| Information provided |

+++++

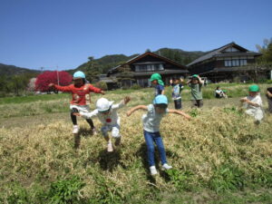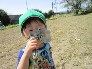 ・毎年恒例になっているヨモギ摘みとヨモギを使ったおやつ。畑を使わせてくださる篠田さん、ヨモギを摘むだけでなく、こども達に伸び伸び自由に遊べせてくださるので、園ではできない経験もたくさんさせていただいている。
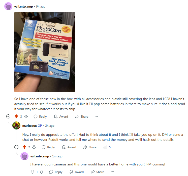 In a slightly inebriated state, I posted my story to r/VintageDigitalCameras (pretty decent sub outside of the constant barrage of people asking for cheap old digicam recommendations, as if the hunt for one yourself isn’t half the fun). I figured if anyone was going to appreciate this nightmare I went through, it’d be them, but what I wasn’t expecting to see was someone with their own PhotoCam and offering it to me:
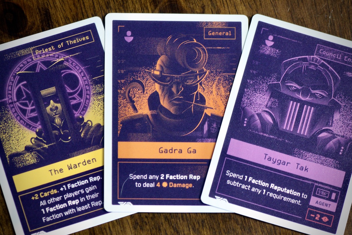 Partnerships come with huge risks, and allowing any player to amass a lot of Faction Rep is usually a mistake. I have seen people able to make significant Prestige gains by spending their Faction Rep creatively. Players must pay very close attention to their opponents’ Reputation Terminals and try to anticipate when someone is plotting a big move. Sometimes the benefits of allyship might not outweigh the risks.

+++++

| Work request |
Transcribe everything above exactly. Do not include the pictures.

| Task output |
 ・毎年恒例になっているヨモギ摘みとヨモギを使ったおやつ。畑を使わせてくださる篠田さん、ヨモギを摘むだけでなく、こども達に伸び伸び自由に遊べせてくださるので、園ではできない経験もたくさんさせていただいている。
 In a slightly inebriated state, I posted my story to r/VintageDigitalCameras (pretty decent sub outside of the constant barrage of people asking for cheap old digicam recommendations, as if the hunt for one yourself isn’t half the fun). I figured if anyone was going to appreciate this nightmare I went through, it’d be them, but what I wasn’t expecting to see was someone with their own PhotoCam and offering it to me:
 Partnerships come with huge risks, and allowing any player to amass a lot of Faction Rep is usually a mistake. I have seen people able to make significant Prestige gains by spending their Faction Rep creatively. Players must pay very close attention to their opponents’ Reputation Terminals and try to anticipate when someone is plotting a big move. Sometimes the benefits of allyship might not outweigh the risks.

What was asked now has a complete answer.